* Exercise materials:
○ ○ ○ ○

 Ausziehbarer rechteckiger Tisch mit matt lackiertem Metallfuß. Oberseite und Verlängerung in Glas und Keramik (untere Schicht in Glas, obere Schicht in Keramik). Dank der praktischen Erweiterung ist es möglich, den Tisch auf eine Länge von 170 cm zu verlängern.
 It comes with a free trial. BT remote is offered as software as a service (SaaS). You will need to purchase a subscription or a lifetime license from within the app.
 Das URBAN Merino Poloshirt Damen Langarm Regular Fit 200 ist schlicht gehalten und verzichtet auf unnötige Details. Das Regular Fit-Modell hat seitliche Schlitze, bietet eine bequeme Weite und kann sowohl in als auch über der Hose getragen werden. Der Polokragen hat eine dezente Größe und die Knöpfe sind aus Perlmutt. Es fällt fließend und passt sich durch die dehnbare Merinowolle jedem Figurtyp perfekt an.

○ ○ ○ ○

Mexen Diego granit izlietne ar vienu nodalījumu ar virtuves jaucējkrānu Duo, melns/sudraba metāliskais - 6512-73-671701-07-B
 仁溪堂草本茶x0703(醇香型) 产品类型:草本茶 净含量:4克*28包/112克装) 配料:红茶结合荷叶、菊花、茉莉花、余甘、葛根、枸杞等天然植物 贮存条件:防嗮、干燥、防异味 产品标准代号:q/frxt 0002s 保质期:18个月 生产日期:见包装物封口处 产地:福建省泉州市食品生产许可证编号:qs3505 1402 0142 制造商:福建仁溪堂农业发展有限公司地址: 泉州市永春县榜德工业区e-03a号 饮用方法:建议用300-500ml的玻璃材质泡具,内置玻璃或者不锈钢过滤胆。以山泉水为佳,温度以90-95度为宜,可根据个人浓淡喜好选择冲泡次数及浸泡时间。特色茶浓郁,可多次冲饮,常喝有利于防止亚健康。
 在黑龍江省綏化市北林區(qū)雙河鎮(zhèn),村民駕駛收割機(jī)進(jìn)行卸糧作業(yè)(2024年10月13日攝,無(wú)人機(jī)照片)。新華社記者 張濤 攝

○ ○ ○ ○

* Exercise requirements:
Using the records above, restate word for word the lines from the one with "It comes with" through the one with "Das URBAN Merino", both included.

* Solution to the exercise:
 It comes with a free trial. BT remote is offered as software as a service (SaaS). You will need to purchase a subscription or a lifetime license from within the app.
 Das URBAN Merino Poloshirt Damen Langarm Regular Fit 200 ist schlicht gehalten und verzichtet auf unnötige Details. Das Regular Fit-Modell hat seitliche Schlitze, bietet eine bequeme Weite und kann sowohl in als auch über der Hose getragen werden. Der Polokragen hat eine dezente Größe und die Knöpfe sind aus Perlmutt. Es fällt fließend und passt sich durch die dehnbare Merinowolle jedem Figurtyp perfekt an.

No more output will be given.